Когда Сол уходит, я бегу по лестнице через ступеньку и влетаю в ее больничную палату. Я смотрю на ее кости.
У глаз видно форму ее черепа. С прошлого месяца Жизель потеряла почти четырнадцать килограммов. На прошлой неделе она перешла на новый уровень: тридцать девять килограммов.
Я обхожу вокруг ее кровати, нюхаю букет, который принес Сол, ставлю ровно открытку с пушистыми белыми котятами, у которых над головами написано «Поправляйся быстрее!» золотыми печатными буквами, открытка подписана Агнес. Господи. Жизель, раз уж даже Агнес желает тебе здоровья, это значит, что ты серьезно влипла. Я разглядываю коробки с шоколадными конфетами, которые прислали ей знакомые, сосу карамельные, а кокосовые выбрасываю в ведро. Вы не поверите, какие бывают дураки: присылают больному анорексией шоколадные конфеты. Я просматриваю комнату, удостоверяясь, что все в порядке, потом сажусь на зеленый пластмассовый стульчик рядом с кроватью и трясу ее.
– Что?
Она протирает глаза.
– Ну и видок у тебя.
– Спасибо.
– Правда-правда.
– Что нового?
Она нюхает воздух и давится, высовывал язык, чтоб меня рассмешить, и ей всегда это удается.
– Слушай, у тебя покопались в кишках.
Она пытается сесть и морщится. Потом кладет руки на живот.
– Не трогай!
Я смахиваю ее руки со швов, и шум привлекает внимание медсестры, идущей по коридору. Она просовывает голову в палату.
– У вас все в порядке?
– Да, спасибо. – Я улыбаюсь, потом опять смотрю на Жизель. – Я тебе говорю, это серьезно.
– Значит, острого больше нельзя?
– Это еще самая мелкая из твоих проблем. Слушай, врач говорит, что ты потеряла много крови. Тебе надо быть осторожной. Надо есть, Жизель, накапливать какие-то резервы.
– Выходит, я еще не умираю? – Жизель улыбается.

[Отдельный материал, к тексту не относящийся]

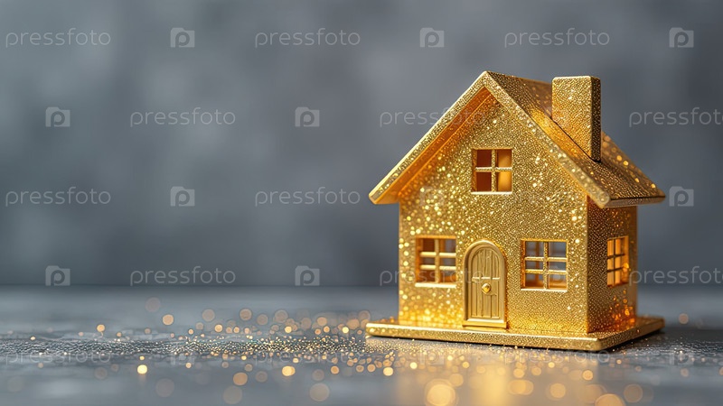 Золотой символ дома на сером бетонном фоне с золотым блеском. недвижимость, риэлторская деятельность, ипотека, страхование, бронирование, строительство, изоляция, отопление. ИИ генерируется
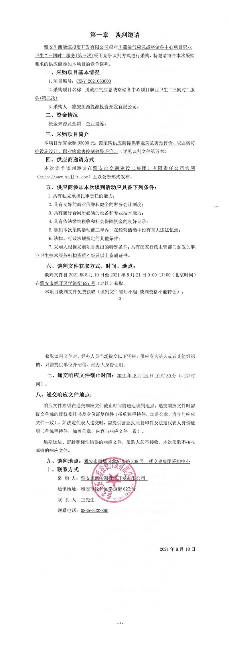 雅安川西能源投資開發(fā)有限公司川藏油氣應(yīng)急戰(zhàn)略儲(chǔ)備中心項(xiàng)目職業(yè)衛(wèi)生“三同時(shí)”服務(wù)(第三次)競爭談判

– Откуда такие патологические мысли?
– Не знаю. Спроси у Томаса.
Она на минуту отворачивается, откашливается, потом просит свой дневник.
– Он в ящике.
Я тянусь, чтобы открыть его, но потом даю ей минуту повозиться. Она слишком слаба, чтобы сесть в кровати, и выгибается, чтобы достать до ящика. Во мне есть что-то болезненное, из-за чего я ей не помогаю. Наконец это что-то ломается во мне, моя сестра ломается во мне, моя чертова сестра, она кажется такой маленькой, как полумертвые больные СПИДом, которые, волоча ноги, спускаются по лестнице и дымят сигаретами. Леди и джентльмены, вот моя сестра. Я протягиваю ей дневник.
– Ты и учебники мои принесла?
Она вся загорелась, потому что мы принесли ее медицинские книги: схемы, графики, сведения, которые Жизель проглатывает страницу за страницей. Она завидует, наверное, жалеет, что не могла прооперировать сама себя.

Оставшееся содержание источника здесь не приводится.